Still, while the production design and La La Land choreographer Mandy Moore’s work generate a lot of that energy, the perfectly-chosen cast is equally responsible for keeping the audience engaged. Bennet is perfect as the mean girl of the group and nearly steals the movie during a workout studio number set to a mash-up that includes “I Just Can’t Get Enough,” “Tainted Love” and “Material Girl.” Judy Greer is as effortlessly brilliant as ever as Julie’s uptight, but clearly yearning for more mother. Even Logan Paul (who is the reason film’s release was delayed two years) is perfect as Julie’s self-centered, obnoxious valley boyfriend. Every character gets at least one major moment to shine and it’s perhaps because the film is such an ensemble piece that Rothe as the straight man doesn’t quite stand out as much as she might have.
That said, Rothe is by no means bad here and in fact does fine work grounding the film in–if not reality–than real emotions. As effervescent as Rothe is in that first number, she also plays Julie as a girl who already seems to understand that there’s so much to experience outside the small circle of her valley life. Julie may be set to go to Cal State Northridge with her friends in the fall, but she also has secret ambitions of becoming a fashion designer. So, when Josh Whitehouse’s Randy comes along in his leather jackets and tattoos, he’s not so much her introduction to a different lifestyle, but her gateway to becoming who she already wants to be.

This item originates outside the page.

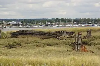 ![]() The remains of a pair of Thames barges on Northey Island | |

However, while Rothe and Whitehouse’s instant chemistry is strong enough to make the film’s love story just as convincing as the original, it’s the ways Goldenberg and Talkington alter the story slightly that elevate Valley Girl. The original film’s conflict basically boils down to will Julie realize her valley life is vapid and suffocating, but this version doesn’t dismiss or talk down to Julie for caring about things like prom or having her parents and friends accept Randy. Rather, it starts from a premise of women contain multitudes and explores every female character–even villains–from that premise. In one of the film’s best scenes, Julie reprimands Randy after he causes a scene in front of her friends, pointedly asking him why she’s expected to integrate into his world while he doesn’t have to do the opposite for her. It’s a really satisfying moment and one so rarely seen in teen romances especially and the film’s last act is filled with choices that twist clichés to reflect how feminism has evolved since 1983.

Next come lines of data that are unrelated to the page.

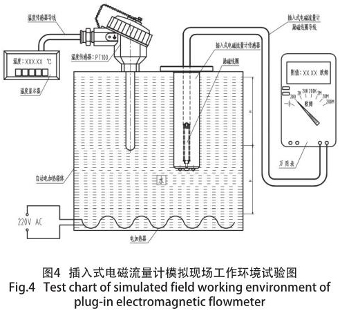 其原因是:勵(lì)磁線圈的阻值及匝數(shù)是按照常溫狀態(tài)下進(jìn)行設(shè)計(jì)的,而含有勵(lì)磁線圈的酸水流量計(jì)經(jīng)常是高于常溫狀態(tài)下進(jìn)行安裝、使用(如:高爐回水、供熱管道等),勵(lì)磁線圈的阻值隨使用環(huán)境溫度的變化而變化,致使酸水流量計(jì)測量時(shí)的準(zhǔn)確度大為降低,性能的不確定性大為增加,為了保證儀表的高準(zhǔn)確度和穩(wěn)定性,在不同的季節(jié)(主要是環(huán)境溫度和介質(zhì)溫度),經(jīng)過大量模擬現(xiàn)場實(shí)際情況的試驗(yàn),并結(jié)合轉(zhuǎn)換器的技術(shù)參數(shù)要求,得出一個(gè)完善的勵(lì)磁線圈各種技術(shù)參數(shù)。模擬現(xiàn)場試驗(yàn)裝置如圖 4 所示。
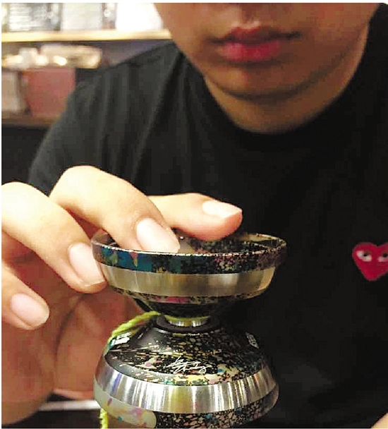 小伙自己設計的溜溜球。
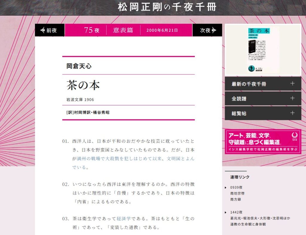 私にとって『茶の本』というのは薄い一冊ですけれども、とても象徴的で、エポックメイキングな忘れがたい本になっています。それゆえ「千夜千冊」を書いたときも、何度も『茶の本』に戻るというようなことをいたしました。たとえば、西行、芭蕉、世阿弥、さらには海外のプルーストとか、ジャン・コクトーとか、そういう本を取り上げるときも天心に戻ってというか、天心と比較してといいますか、そういうことを何度もしたわけです。ー 「原点となる『茶の本』」(松岡正剛)より

Granted, there are elements of that change in viewpoint that feel heavy-handed (a pretty cringeworthy conversation about astronaut Sally Ride, for instance), but overall, Valley Girl feels almost like a corrective to years of rom-coms that put women down just as often as they uplift them. Yes, Julie and her friends can be shallow or short-sighted, but the film never dismisses even their pettiest concerns, arguing instead that these girls are just as entitled to figuring things out and messing up as generations of male characters. Perhaps those changes and shifts in viewpoint seem small in the grand scheme of things, but they feel revolutionary in a genre not prone to taking chances.